This vignette illustrates the design of sparse portfolios that aim to track a financial index with the package

`sparseIndexTracking`

(with a comparison with other packages) and gives a description of the algorithms used.

There are currently no other R packages for index tracking. In paper [1] and monograph [2], a detailed comparison in terms of execution speed and performance is made with the mixed-integer quadratic programming (MIQP) solver Gurobi (for which R has an interface via package `ROI`

and plugin `ROI.plugin.gurobi`

).

We start by loading the package and real data of the index S&P 500 and its underlying assets:

```
library(sparseIndexTracking)
library(xts)
data(INDEX_2010)
```

The data `INDEX_2010`

contains a list with two xts objects:

`X`

: A \(T\times N\) xts with the daily linear returns of the \(N\) assets that were in the index during the year 2010 (total \(T\) trading days)`SP500`

: A \(T\times 1\) xts with the daily linear returns of the index S&P 500 during the same period.

Note that we use xts objects just for illustration purposes. The function `spIndexTrack()`

can also be invoked passing simple data arrays or dataframes.
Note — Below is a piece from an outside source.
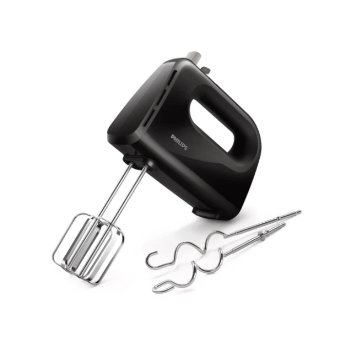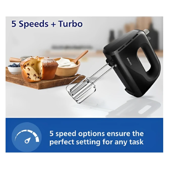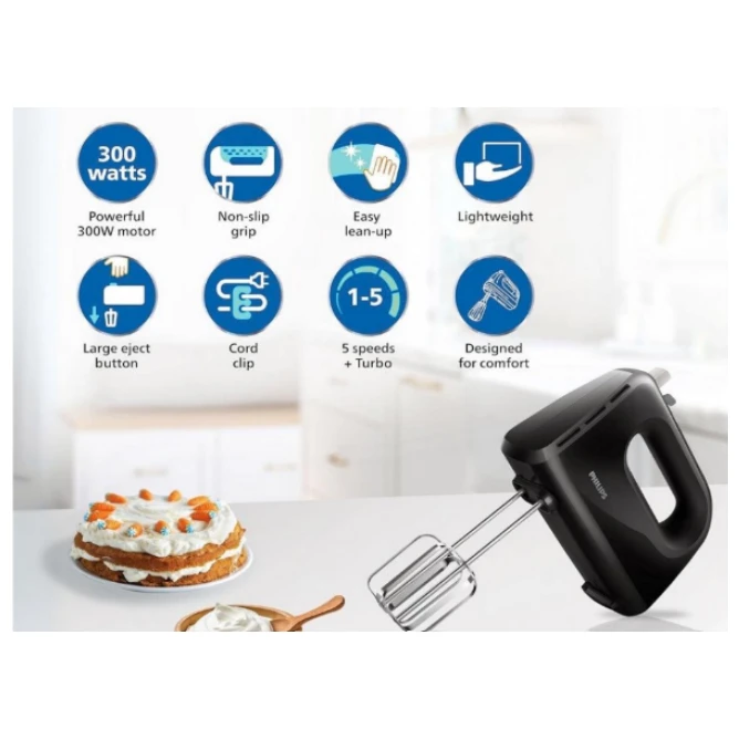 Make mixing easy with the Philips Daily Hand Mixer HR3705/10. Its powerful 300 W motor and 5 speeds + Turbo help you blend batters and dough quickly. Lightweight and ergonomic with non-slip grip, it includes stainless steel beaters and dough hooks. Easy cleaning and tidy storage make baking joyful at home.

Based on the above quantities we create a training window, which we will use to create our portfolios, and a testing window, which will be used to assess the performance of the designed portfolios. For simplicity, here we consider the first six (trading) months of the dataset (~126 days) as the training window, and the subsequent six months as the testing window:

```
X_train <- INDEX_2010$X[1:126]
X_test <- INDEX_2010$X[127:252]
r_train <- INDEX_2010$SP500[1:126]
r_test <- INDEX_2010$SP500[127:252]
```

Now, we use the four modes (four available tracking errors) of the `spIndexTrack()`

algorithm to design our portfolios:

```
# ETE
w_ete <- spIndexTrack(X_train, r_train, lambda = 1e-7, u = 0.5, measure = 'ete')
cat('Number of assets used:', sum(w_ete > 1e-6))
#> Number of assets used: 45
# DR
w_dr <- spIndexTrack(X_train, r_train, lambda = 2e-8, u = 0.5, measure = 'dr')
cat('Number of assets used:', sum(w_dr > 1e-6))
#> Number of assets used: 42
# HETE
w_hete <- spIndexTrack(X_train, r_train, lambda = 8e-8, u = 0.5, measure = 'hete', hub = 0.05)
cat('Number of assets used:', sum(w_hete > 1e-6))
#> Number of assets used: 44
# HDR
w_hdr <- spIndexTrack(X_train, r_train, lambda = 2e-8, u = 0.5, measure = 'hdr', hub = 0.05)
cat('Number of assets used:', sum(w_hdr > 1e-6))
#> Number of assets used: 43
```

Finally, we plot the actual value of the index in the testing window in comparison with the values of the designed portfolios:

```
plot(cbind("PortfolioETE" = cumprod(1 + X_test %*% w_ete), cumprod(1 + r_test)),
legend.loc = "topleft", main = "Cumulative P&L")
```

```
plot(cbind("PortfolioDR" = cumprod(1 + X_test %*% w_dr), cumprod(1 + r_test)),
legend.loc = "topleft", main = "Cumulative P&L")
```

```
plot(cbind("PortfolioHETE" = cumprod(1 + X_test %*% w_hete), cumprod(1 + r_test)),
legend.loc = "topleft", main = "Cumulative P&L")
```

```
plot(cbind("PortfolioHDR" = cumprod(1 + X_test %*% w_hdr), cumprod(1 + r_test)),
legend.loc = "topleft", main = "Cumulative P&L")
```

In the above examples we used a single training and testing window. In practice, we need to perform this task sequentially for many windows in order to assess an algorithm or to distinguish the differences between the various tracking errors.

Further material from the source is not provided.